Your copy should hold exactly the lines from the beginning of the listing below through the line with "سُكرٌ طَبَرْزَذٌ وطَبَرْزَلٌ", without any pictures.

EXERCISE DATA:
----

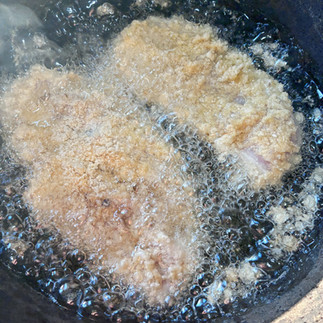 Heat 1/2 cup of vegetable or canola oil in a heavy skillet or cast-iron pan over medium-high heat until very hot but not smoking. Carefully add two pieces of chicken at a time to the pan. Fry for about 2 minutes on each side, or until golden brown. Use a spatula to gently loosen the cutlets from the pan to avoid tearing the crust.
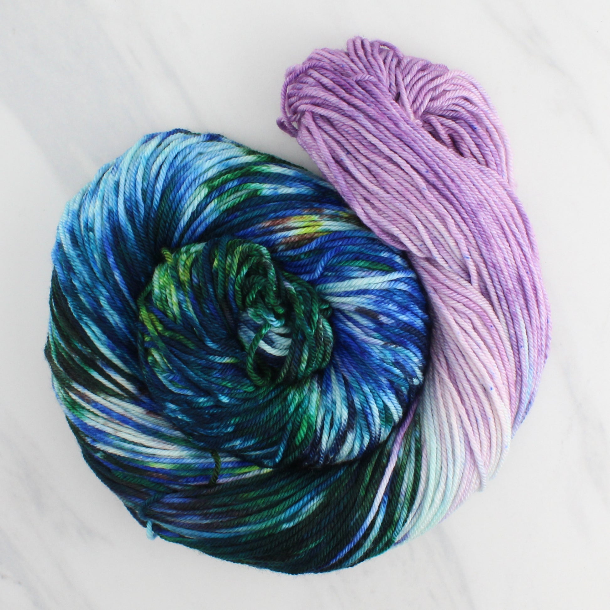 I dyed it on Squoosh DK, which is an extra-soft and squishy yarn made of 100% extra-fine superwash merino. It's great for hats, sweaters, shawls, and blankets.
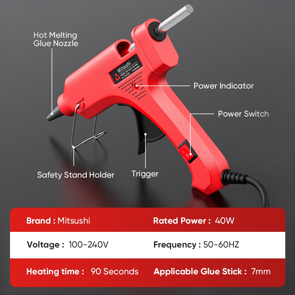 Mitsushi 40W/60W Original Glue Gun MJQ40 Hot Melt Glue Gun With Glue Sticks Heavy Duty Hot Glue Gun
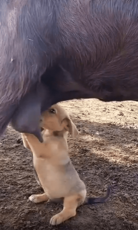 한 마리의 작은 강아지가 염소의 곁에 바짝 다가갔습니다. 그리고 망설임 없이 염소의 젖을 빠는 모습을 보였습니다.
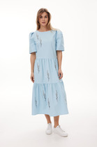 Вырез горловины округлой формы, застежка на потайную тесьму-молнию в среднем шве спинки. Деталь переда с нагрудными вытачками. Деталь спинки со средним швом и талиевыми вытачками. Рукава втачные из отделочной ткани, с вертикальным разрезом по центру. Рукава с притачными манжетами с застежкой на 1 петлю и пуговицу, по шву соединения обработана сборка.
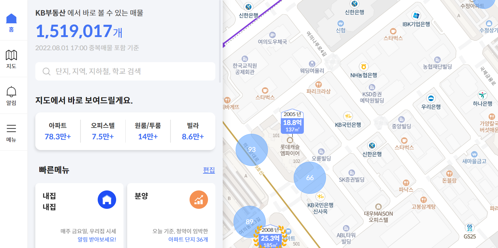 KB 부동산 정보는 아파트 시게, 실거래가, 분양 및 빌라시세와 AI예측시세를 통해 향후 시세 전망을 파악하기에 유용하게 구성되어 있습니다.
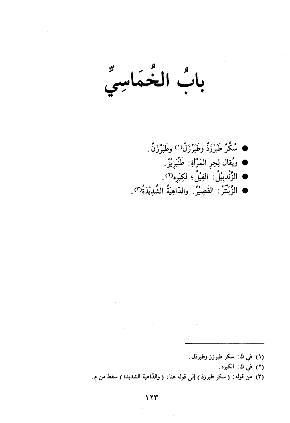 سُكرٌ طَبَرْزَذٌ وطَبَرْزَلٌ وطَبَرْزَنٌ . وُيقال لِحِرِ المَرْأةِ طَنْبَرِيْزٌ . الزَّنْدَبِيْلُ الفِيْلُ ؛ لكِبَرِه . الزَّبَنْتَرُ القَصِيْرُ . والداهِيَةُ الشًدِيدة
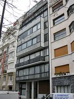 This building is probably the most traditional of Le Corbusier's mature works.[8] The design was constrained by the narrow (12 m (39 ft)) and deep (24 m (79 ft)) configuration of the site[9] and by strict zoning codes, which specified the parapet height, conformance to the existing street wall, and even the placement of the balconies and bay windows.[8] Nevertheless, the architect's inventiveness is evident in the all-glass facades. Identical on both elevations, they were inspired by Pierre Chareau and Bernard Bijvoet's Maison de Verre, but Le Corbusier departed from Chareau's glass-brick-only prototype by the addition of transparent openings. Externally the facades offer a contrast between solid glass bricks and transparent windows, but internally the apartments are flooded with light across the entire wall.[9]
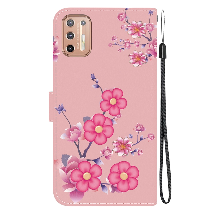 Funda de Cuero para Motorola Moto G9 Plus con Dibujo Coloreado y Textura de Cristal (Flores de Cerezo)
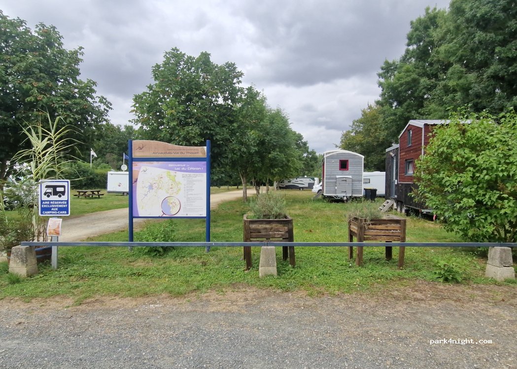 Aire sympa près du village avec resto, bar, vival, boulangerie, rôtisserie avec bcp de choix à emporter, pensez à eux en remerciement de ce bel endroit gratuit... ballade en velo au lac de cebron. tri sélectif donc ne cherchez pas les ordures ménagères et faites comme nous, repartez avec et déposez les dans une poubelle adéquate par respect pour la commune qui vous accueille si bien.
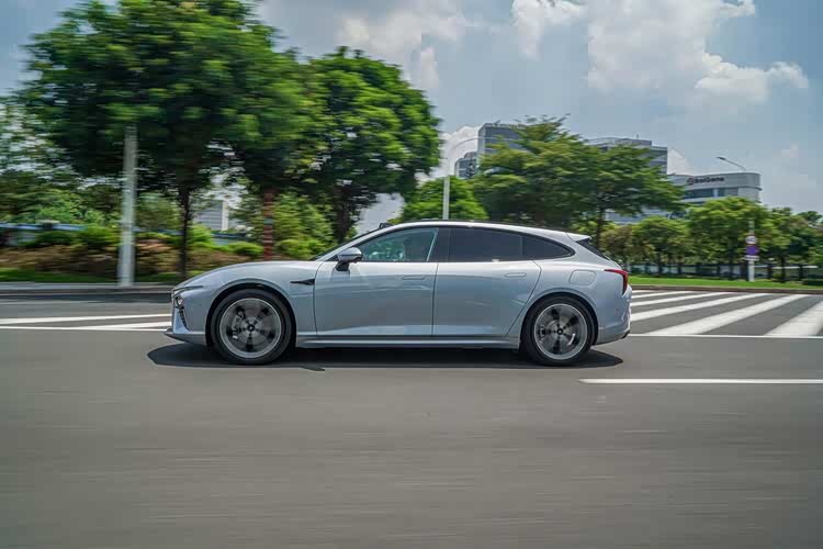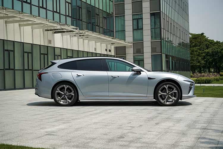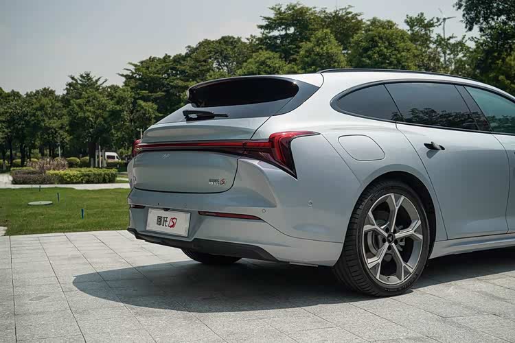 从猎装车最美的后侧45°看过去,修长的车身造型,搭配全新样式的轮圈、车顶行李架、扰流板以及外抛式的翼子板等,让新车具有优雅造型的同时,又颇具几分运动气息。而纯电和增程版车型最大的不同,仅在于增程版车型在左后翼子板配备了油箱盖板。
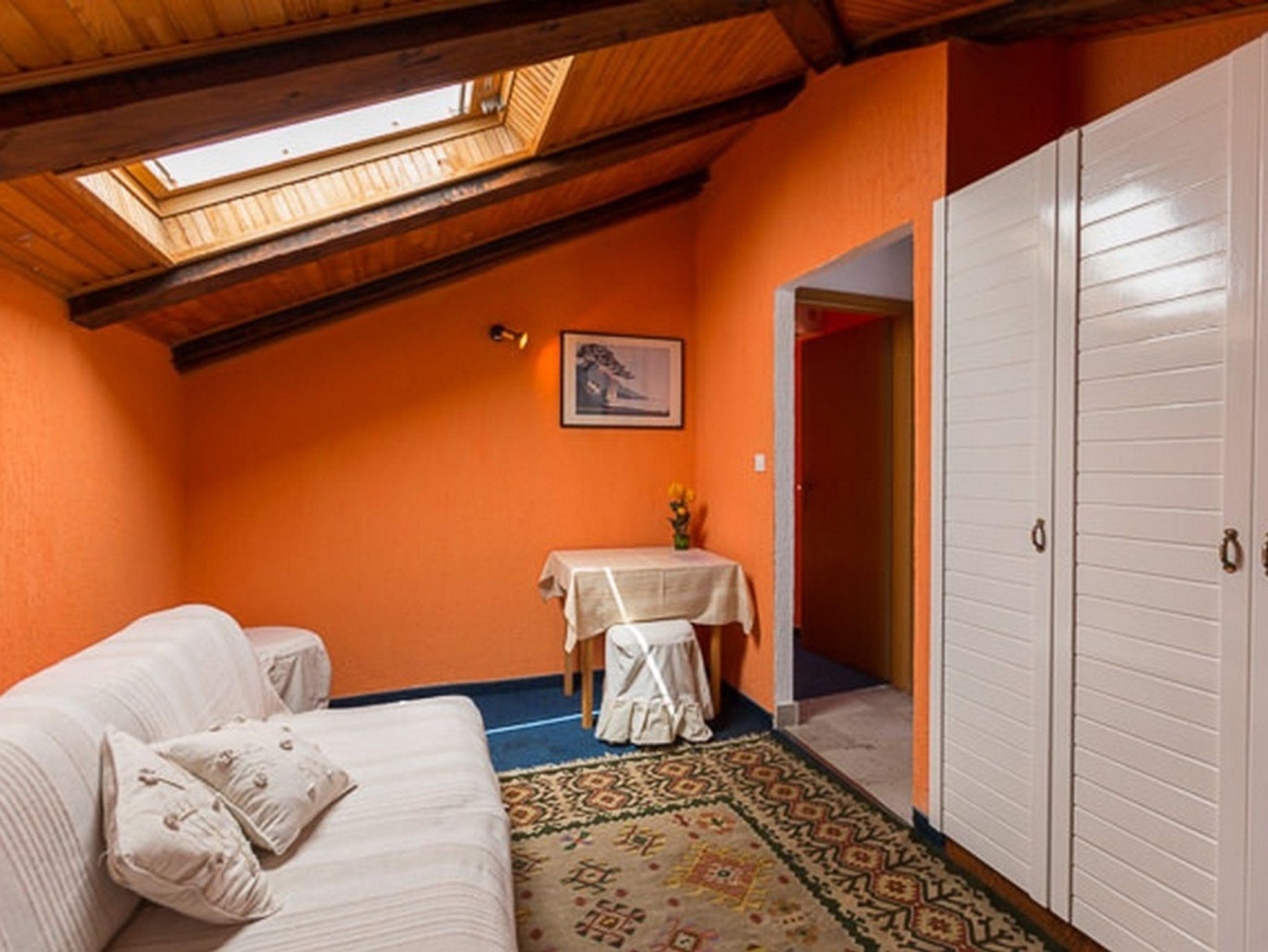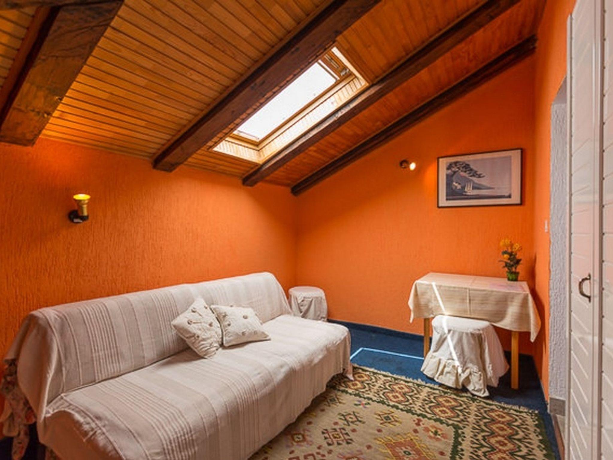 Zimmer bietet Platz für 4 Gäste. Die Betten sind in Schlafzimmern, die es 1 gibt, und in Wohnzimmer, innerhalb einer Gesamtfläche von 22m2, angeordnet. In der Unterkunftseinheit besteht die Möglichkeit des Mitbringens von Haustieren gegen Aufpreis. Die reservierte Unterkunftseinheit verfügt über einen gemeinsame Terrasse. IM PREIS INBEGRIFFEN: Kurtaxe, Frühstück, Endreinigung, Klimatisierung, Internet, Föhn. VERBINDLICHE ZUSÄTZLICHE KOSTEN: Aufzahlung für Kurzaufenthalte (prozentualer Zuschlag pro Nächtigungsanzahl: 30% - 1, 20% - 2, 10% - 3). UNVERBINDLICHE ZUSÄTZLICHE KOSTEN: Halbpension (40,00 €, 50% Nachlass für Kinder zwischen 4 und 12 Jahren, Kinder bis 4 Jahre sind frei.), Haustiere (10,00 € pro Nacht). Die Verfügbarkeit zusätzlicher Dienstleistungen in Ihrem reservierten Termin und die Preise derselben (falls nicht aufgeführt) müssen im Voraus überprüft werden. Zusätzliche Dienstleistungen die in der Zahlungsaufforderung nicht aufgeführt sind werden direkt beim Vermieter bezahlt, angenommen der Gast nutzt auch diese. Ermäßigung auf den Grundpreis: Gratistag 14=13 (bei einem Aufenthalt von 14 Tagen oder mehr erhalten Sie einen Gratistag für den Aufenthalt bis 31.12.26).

----

SOLUTION FOR THIS PROBLEM:
 Heat 1/2 cup of vegetable or canola oil in a heavy skillet or cast-iron pan over medium-high heat until very hot but not smoking. Carefully add two pieces of chicken at a time to the pan. Fry for about 2 minutes on each side, or until golden brown. Use a spatula to gently loosen the cutlets from the pan to avoid tearing the crust.
 I dyed it on Squoosh DK, which is an extra-soft and squishy yarn made of 100% extra-fine superwash merino. It's great for hats, sweaters, shawls, and blankets.
 Mitsushi 40W/60W Original Glue Gun MJQ40 Hot Melt Glue Gun With Glue Sticks Heavy Duty Hot Glue Gun
 한 마리의 작은 강아지가 염소의 곁에 바짝 다가갔습니다. 그리고 망설임 없이 염소의 젖을 빠는 모습을 보였습니다.
 Вырез горловины округлой формы, застежка на потайную тесьму-молнию в среднем шве спинки. Деталь переда с нагрудными вытачками. Деталь спинки со средним швом и талиевыми вытачками. Рукава втачные из отделочной ткани, с вертикальным разрезом по центру. Рукава с притачными манжетами с застежкой на 1 петлю и пуговицу, по шву соединения обработана сборка.
 KB 부동산 정보는 아파트 시게, 실거래가, 분양 및 빌라시세와 AI예측시세를 통해 향후 시세 전망을 파악하기에 유용하게 구성되어 있습니다.
 سُكرٌ طَبَرْزَذٌ وطَبَرْزَلٌ وطَبَرْزَنٌ . وُيقال لِحِرِ المَرْأةِ طَنْبَرِيْزٌ . الزَّنْدَبِيْلُ الفِيْلُ ؛ لكِبَرِه . الزَّبَنْتَرُ القَصِيْرُ . والداهِيَةُ الشًدِيدة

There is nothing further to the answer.